# The Unapologetic Mathematician

## Uniform Convergence of Power Series

So, what’s so great right now about uniform convergence?

As we’ve said before, when we evaluate a power series we get a regular series at each point, which may or may not converge. If we restrict to those points where it converges, we get a function. That is the series of functions converges pointwise to a limiting function. What’s great is that for any compact set contained within the radius of convergence of the series, this convergence is uniform!

To be specific, take a power series $\sum\limits_{n=0}^\infty c_nz^n$ which converges for $|z|, and let $T$ be a compact subset of the disk of radius $R$. Now the function $|z|$ is a continuous, real-valued function on $T$, and the image of a compact space is compact, so $|z|$ takes some maximum value on $T$.

That is, there is some point $p$ so that for every point $z\in T$ we have $|z|\leq|p|. And thus we have $|c_nz^n|\leq|c_np^n|$ for all $z\in T$. Setting $M_n=|c_np^n|$, we invoke the Weierstrass M-test — the series $\sum\limits_{k=0}^\infty|c_np^n|$ converges because $p$ is within the disk of convergence, and thus evaluation at $p$ converges absolutely.

Now every point within the disk of convergence is separated by some compact set (closed disks are compact, so pick a radius small less than the distance from the point to the boundary of the disk of convergence), within which the convergence is uniform. Since each term is continuous, the uniform limit will also be continuous at the point in question. Thus inside the radius of convergence a power series evaluates to a continuous function.

This gives us our first hint as to what can block a power series.
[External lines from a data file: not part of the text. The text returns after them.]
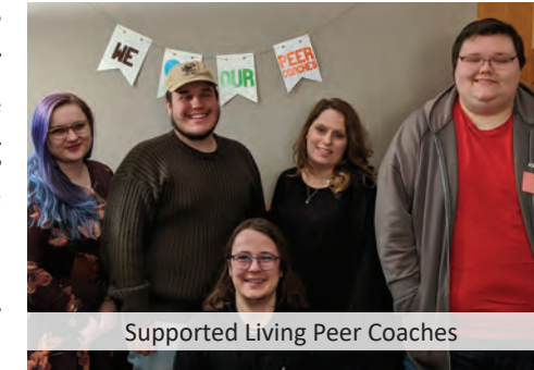
Supported Living Peer Coaches
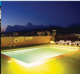
Pool / Spa
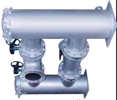
12" Model 950B duplex strainer with quick open cover
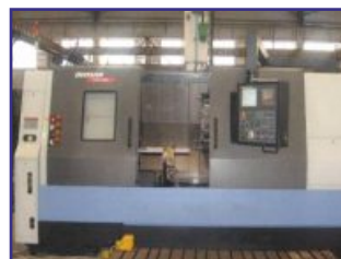
CNC Turning & Machining Centres
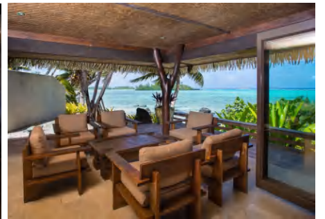
PRESIDENTIAL BEACHFRONT VILLA (3 BEDROOM)
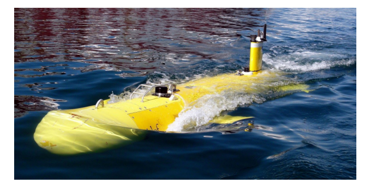
Fig 1. AUV IdefX (IFREMER, France) navigating at sea surface.

cific studies on seamounts, such as Cabliers Bank [3], to investigate deep-sea habitats associated to the active structures. To achieve such a high-degree of resolution we used cutting-edge techniques that allow a cm-resolution in surface mapping and profiling, and high-resolution video imaging.
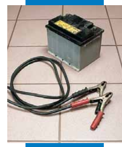
An example of a grouted battery room

Clean tools and containers with plenty of water before Kerapoxy hardens.
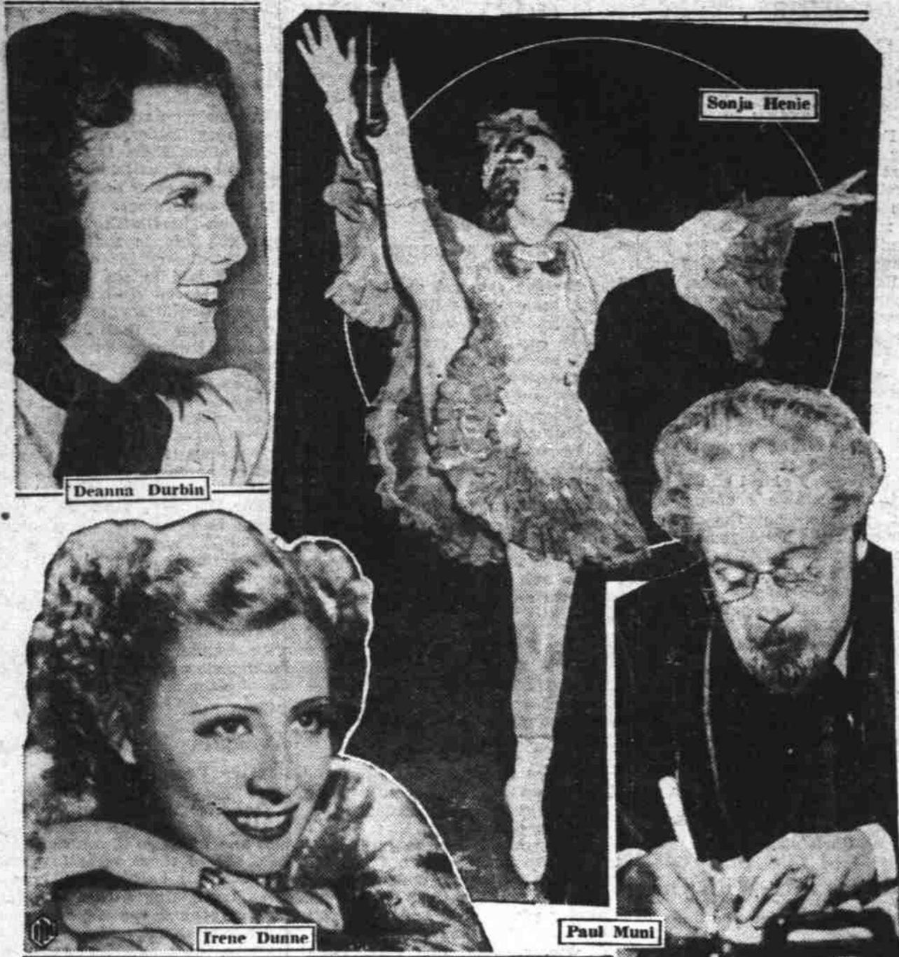
Here are four of Hollywood's most successful stars during 1937, two of them newcomers to the screen. Each was featured in two box-office hits which were among the 20 best pictures of the year. Irene Dunne came through with superb performances in two clever comedies, "Theodora Goes Wild" and "The Awful Truth". Paul Muni has to his credit two of the finest productions in Hollywood history.
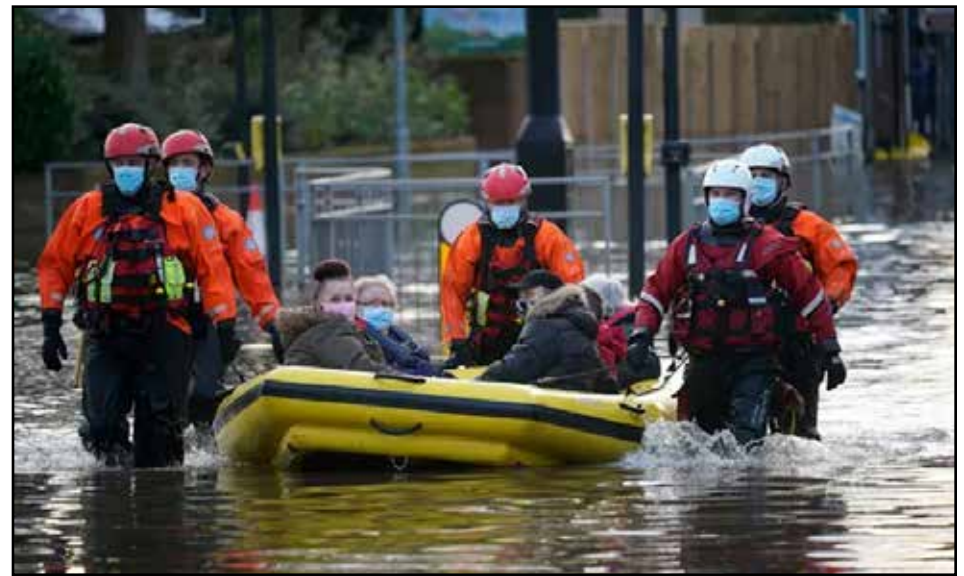
WATERY FATE: rescue crews at work in Cheshire on Tuesday
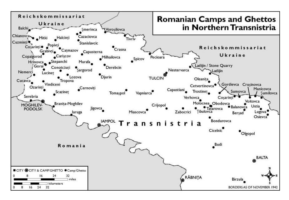
Figure 2. Map of Romanian camps and ghettos in Northern Transnistria. Courtesy of the United States Holocaust Memorial Museum.

In Râbniţa, where the condition of deportees passing through was described above in such dire terms, a report from several months later, dated 19 April 1942, presented the situation of the 1,471 Jews in the town's ghetto in much more positive terms. Of the 293 men, 609 women, and 569 children, 635 were deemed unable to work, but the ghetto had a public kitchen that fed a single meal each day to 230 people, as well as a medical dispensary and a "very well-supplied" pharmacy. There were seventeen workshops in the ghetto employing 130 Jews, who were doing work mainly for the population of the city. While some employers of this forced labour had not paid labourers all of the money due to them, still, the report concluded, "the ghetto is in satisfactory condition, the houses whitewashed, sanitary conditions almost sufficient."
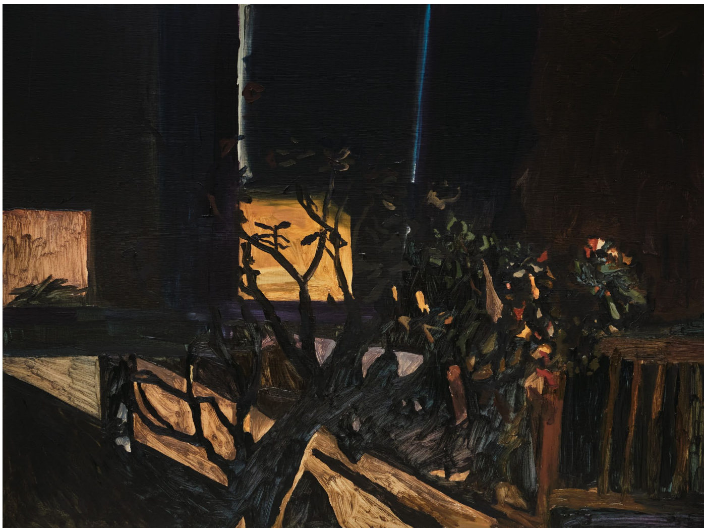
If a restiveness, like light and cloud shadow
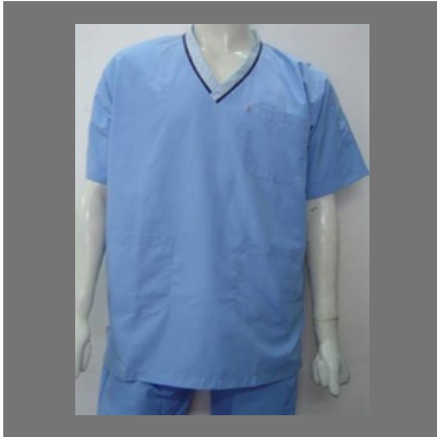
Hospital Nurse Dress
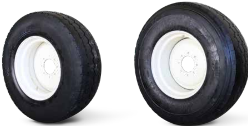
385 x 22.5 (15 x 22.5)
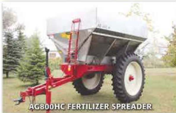
AG800HC FERTILIZER SPREADER
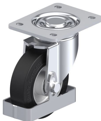
Corresponding swivel caster LH-ALEV 125K-3-FS
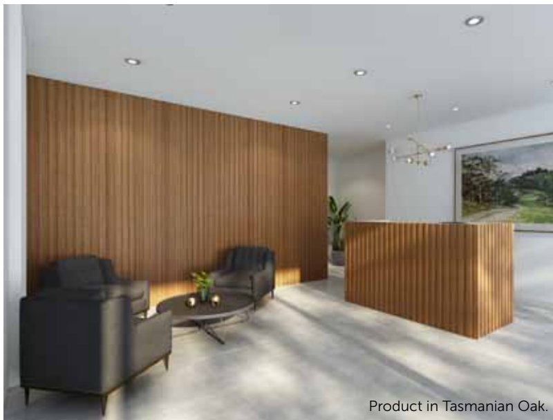
Product in Tasmanian Oak.

Inspired by Lake Eyre, South Australia, the lowest natural point in Australia, Porta Contours in Ayre layers texture to create variation and visual interest.
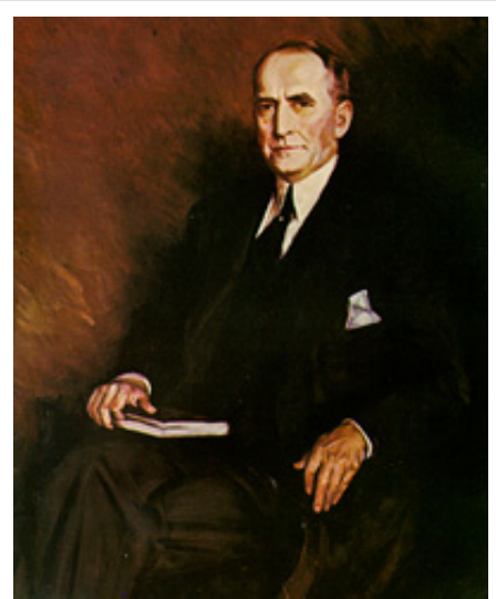
Painting of Bankhead as House Speaker.

The William B. Bankhead National Forest and sections of old US Highway 78 in northern Alabama are named in his honor. His home in Jasper has been renovated to house the Walker Area Community Foundation's "Bankhead House and Heritage Center", a history museum and arts venue.
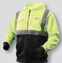
High Visibility (2376, 2377)
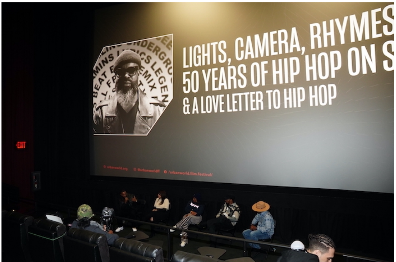
Screening Of A Love Letter To Hip Hop
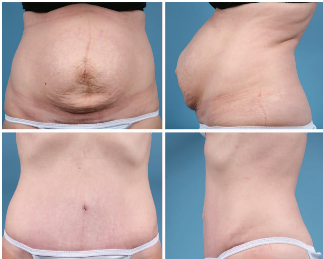
Fig. 5. Female patient with severe rectus diastasis undergoing retrorectus diastasis repair and a standard abdominoplasty incision.

The main reason that simple suture approximation of the rectus muscles may not provide a durable repair for both rectus diastasis and hernias is suture pull-through. Both running and interrupted sutures, when placed under tension, can cut through the anterior rectus fascia like a cheese wire cutter, leading to hernia recurrence and “stretching” of rectus diastasis procedures. However, the best aesthetic abdominoplasty procedure is probably the technique that achieves the highest tension. A high-tension tightening of the stomach muscles is achieved with mesh with this technique, rather than sutures alone, as is performed for the standard abdominoplasty. The mesh is quilted into place by numerous sutures placed in three vertically oriented lines. An increased number
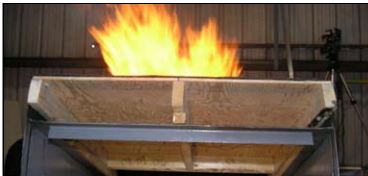
ASTM E108 (UL 790) test for roofing materials

SwRI has worked with the California State Fire Marshal (CA SFM), ASTM E05 and E14 subcommittees, and various commercial clients to promote the understanding of wildland-urban interface fires. These fires, typically characterized by quick spread due to ignition of dried vegetation, have plagued homeowners and insurance agencies for decades. As new standards are developed with fire exposures representative of actual forest fires, the risk of both property and life loss is greatly reduced.
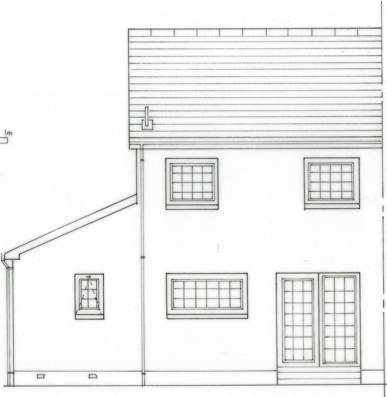
PROPOSED REAR ELEVATION 1:50
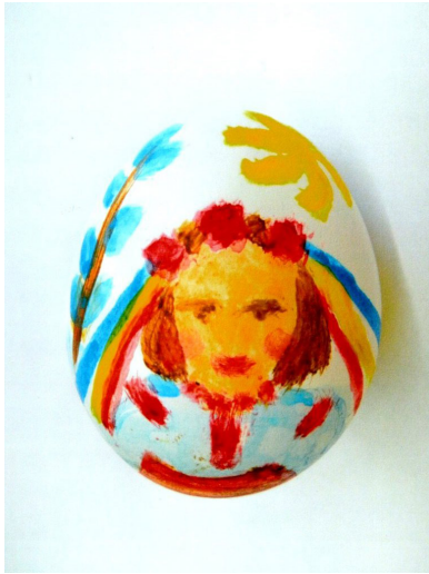
04 Classic • Chicken Mixed media Ludmila Barmina, "Spring"
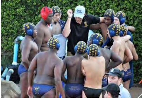
The DHS U16/U15 Team
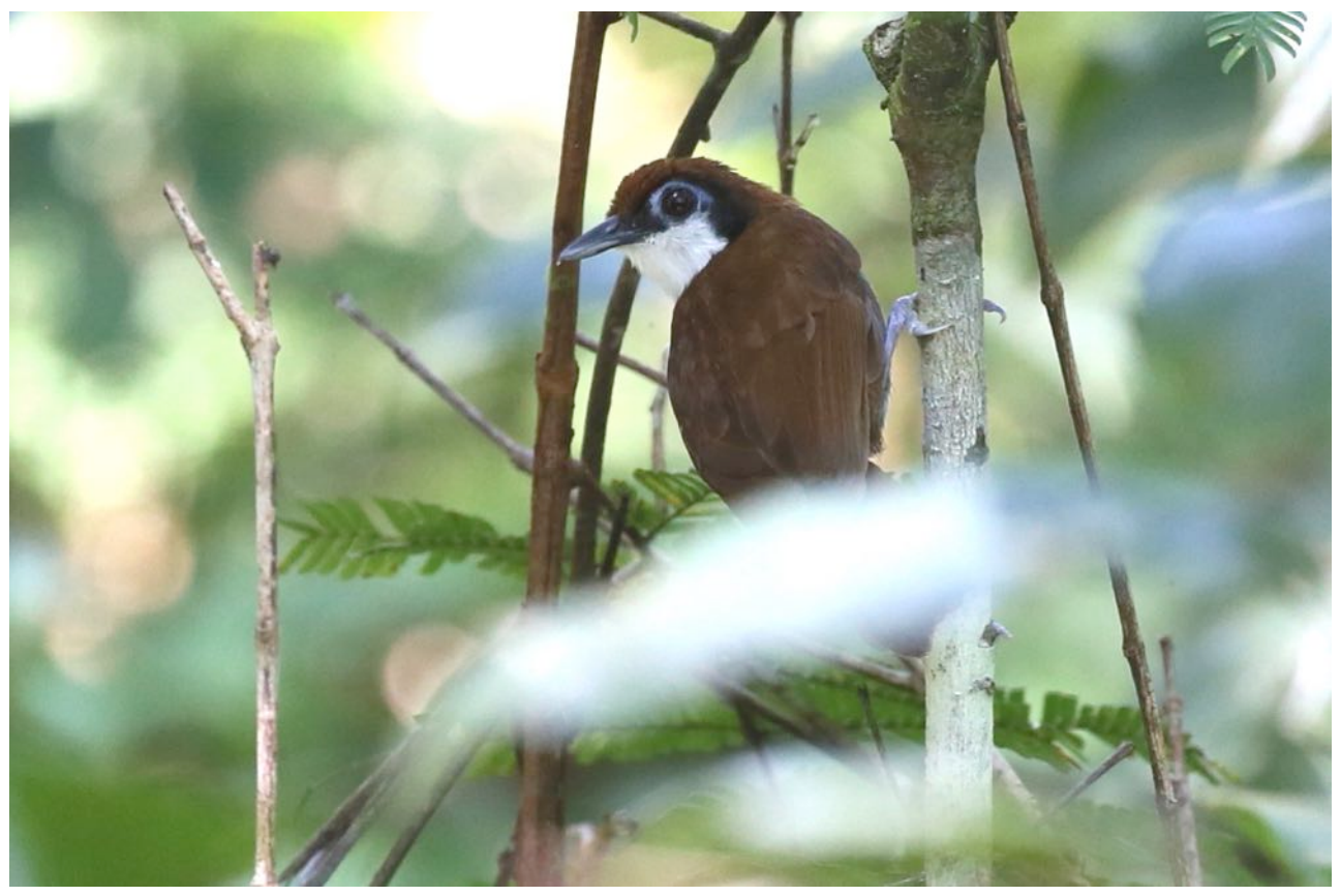
White-cheeked Antbird near Mitu.

As an explicit example, consider the geometric series $\sum\limits_{n=0}^\infty z^n$, which converges for $|z|<1$ to the function $\frac{1}{1-z}$. This function is clearly discontinuous at $z=1$, and so the power series can’t converge in any disk containing that point, since if it did it would have to be continuous there. And indeed, we can calculate the radius of convergence to be exactly ${1}$.

It’s important to note something in this example. For $|z|<1$, we have $\frac{1}{1-z}=\sum\limits_{k=0}^\infty z^n$, but these two functions are definitely not equal outside that region. Indeed, at $z=-2$ the function clearly has the value $\frac{1}{3}$, while the geometric series diverges wildly. The equality only holds within the radius of convergence.